Making the Twisty Bits

The tall twisty bits are actually just giant herringbone stitches.  Pick up an EVEN number of beads, we usually used 50, but it can be any number.  One very helpful hint – to make things easier, make the two center beads easily identifiable.  If you are using 50 total, that would be beads 25 and 26.  We usually made them the same color, with 3 or 4 beads of another color on each side.

 This is the first two “stacks” of our twisty section.  You sew them exactly the same way you do the regular rows, they’re just very tall.  See the flat blue-green beads between the yellowish ones in the middle of the loop at the bottom of the picture?  That’s our center marker beads. (NOTE!  on the other two loops shown below, we used the yellow ones as markers.  Not really on purpose, but because I forgot what I had started in the heat of the photographic moment.)

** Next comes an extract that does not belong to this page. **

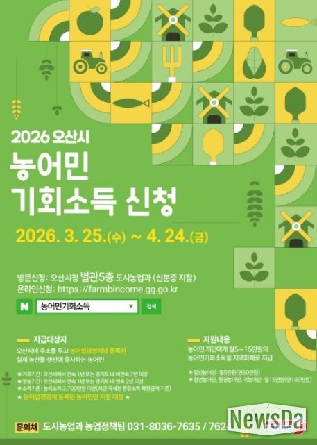 뉴스다 최광묵 기자 | 오산시는 농업·농촌의 공익적 가치 보장과 농어촌 소멸위기 대응을 위해 ‘2026년 농어민 기회소득’ 신청·접수를 3월 25일부터 4월 24일까지 진행한다고 밝혔다.
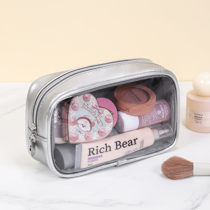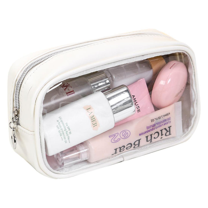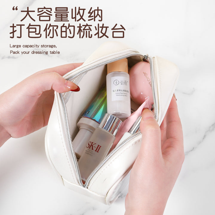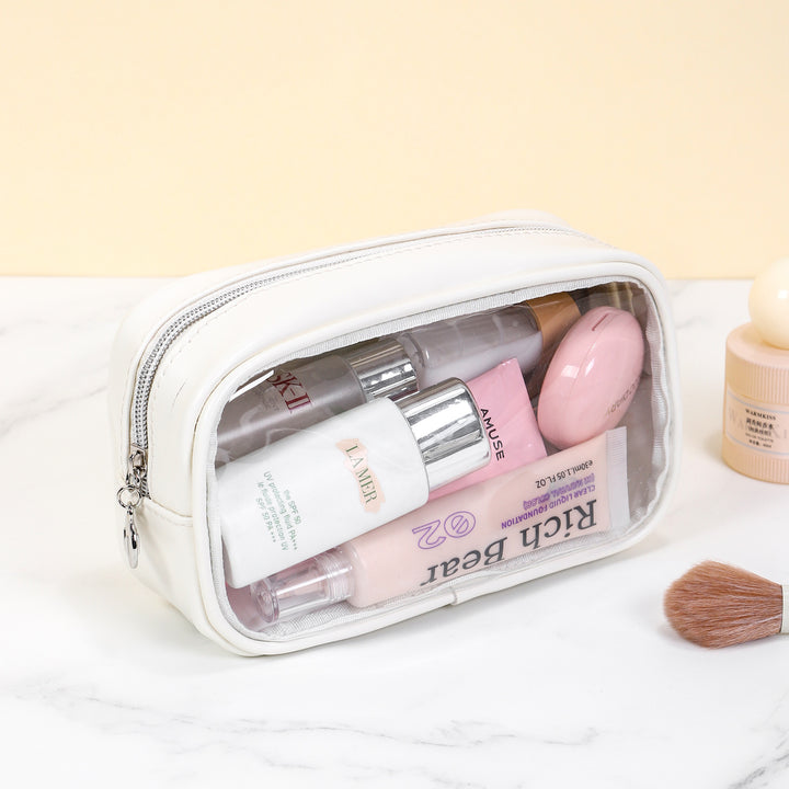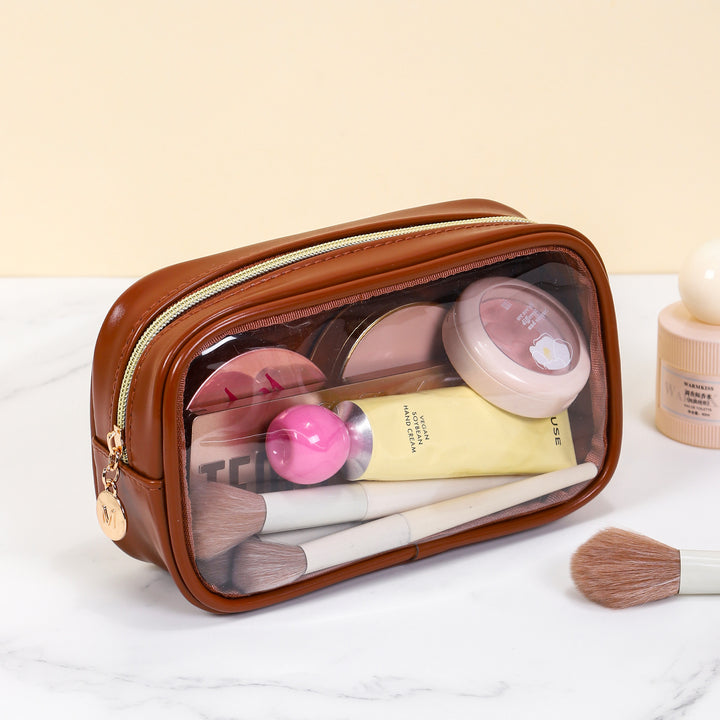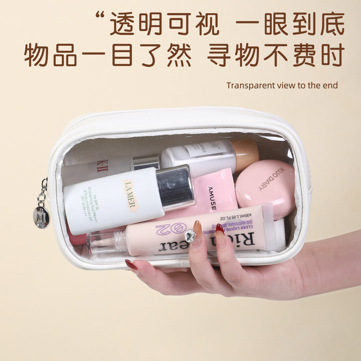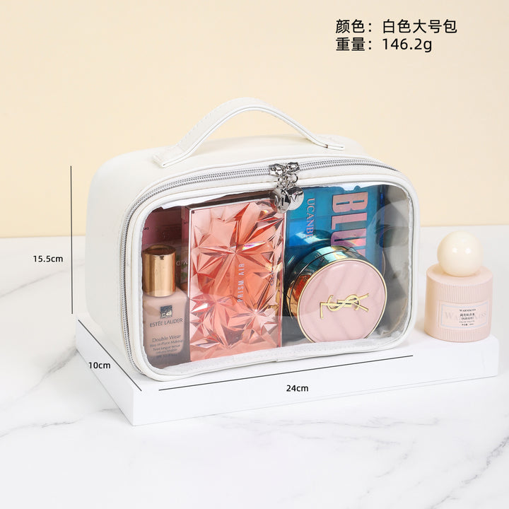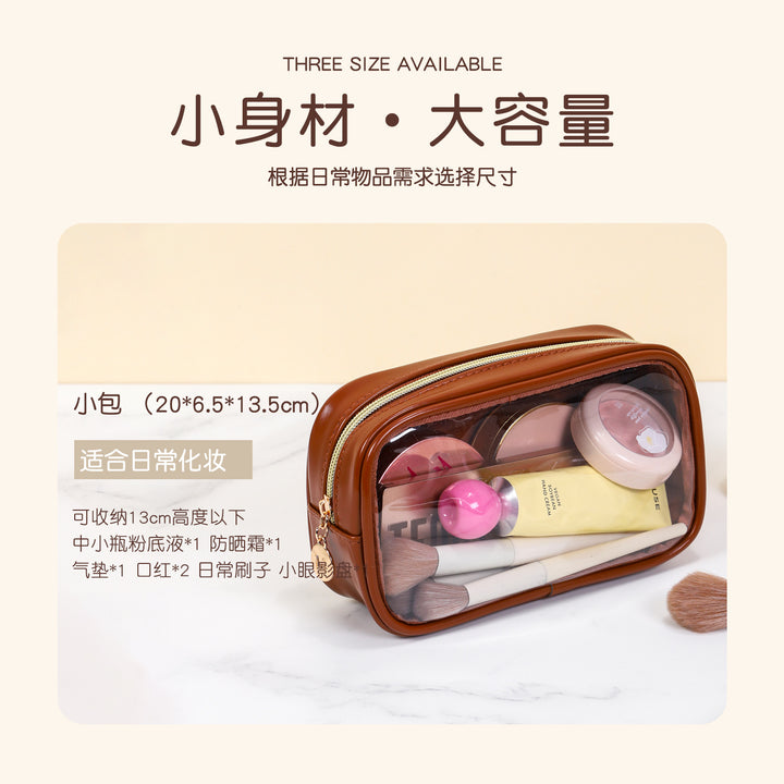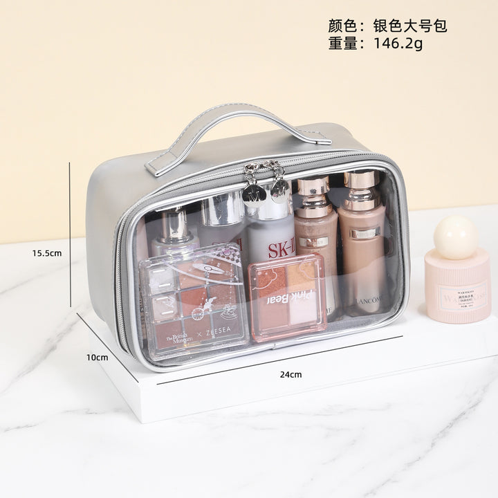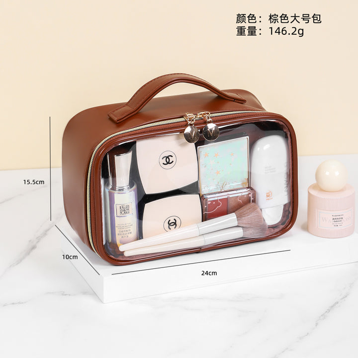 New leather translucent premium cosmetic bag large capacity waterproof portable toilet bag ha...

 Here we have finished all three stacks, and have done our step up row, just like we do at the end of all herringbone rows.  Notice that we’re coming out the top of one of our center-of-the-stack marker beads.  Pick up two more beads and go down through the other marker bead on the stack, just like a normal herringbone stitch.

  Twist the stack you are working on (where your thread is coming out) two or three times, then twist the NEXT stack the same number of times in the same direction.  Be careful to watch where everything is going, and keep them twisted.  (It’s PERFECTLY legit to tape the suckers together in the correct positions if you feel the need or if they’re fighting it.)  The picture above shows your needle going into the top of that next stack, ready to add two beads and go back down the next beed. 

 And this is where it gets even more fiddly.  We’ve finished adding the two beads (next herringbone stitch) to the second loop, and we need to twist that third loop the same number of times and direction as the other two.  Then we go up through the marker bead in the third loop, add two beads, and back down through the other marker bead.

Work your step-up by going through the top two beads in the top of the first stack (marker and one on top) and you have completed your first twisty!

Don’t worry if one stack is twisted more or less than the others, it won’t be noticeable.  The important thing is that the herringbone tube after this returns to normal.

If you want to reinforce the twists, work another pass of thread through them while you’re weaving in your ends.  Doing it now might make you crazy.